Both ends included, restate word for word the lines from the first line of the listing through the line containing "A situação de". Leave the pictures out.
Supplied material: Begin
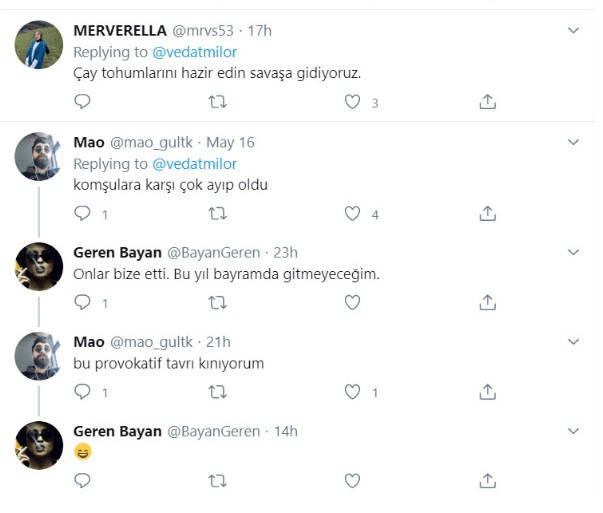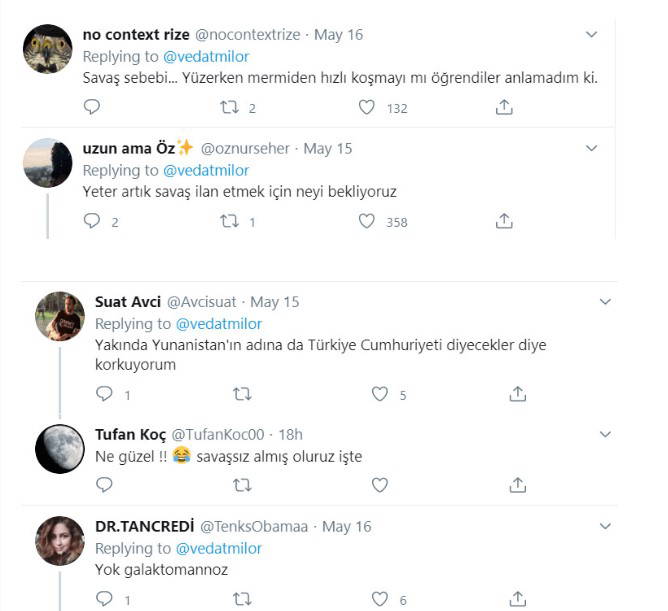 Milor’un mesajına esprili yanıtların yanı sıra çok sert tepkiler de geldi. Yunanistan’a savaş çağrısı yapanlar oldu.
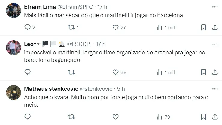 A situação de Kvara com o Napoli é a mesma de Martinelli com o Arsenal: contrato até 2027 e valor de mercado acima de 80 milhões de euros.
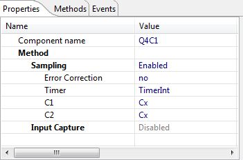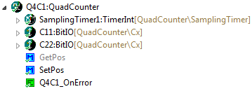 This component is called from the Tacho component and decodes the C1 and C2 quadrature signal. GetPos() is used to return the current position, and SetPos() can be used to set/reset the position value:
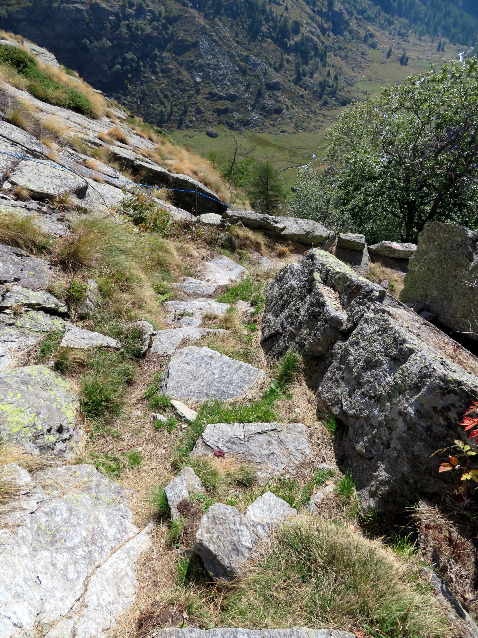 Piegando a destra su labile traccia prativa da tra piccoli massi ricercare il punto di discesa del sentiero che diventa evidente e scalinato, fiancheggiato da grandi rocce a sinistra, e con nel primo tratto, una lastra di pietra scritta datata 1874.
Supplied material: End
Written answer.
 Milor’un mesajına esprili yanıtların yanı sıra çok sert tepkiler de geldi. Yunanistan’a savaş çağrısı yapanlar oldu.
 A situação de Kvara com o Napoli é a mesma de Martinelli com o Arsenal: contrato até 2027 e valor de mercado acima de 80 milhões de euros.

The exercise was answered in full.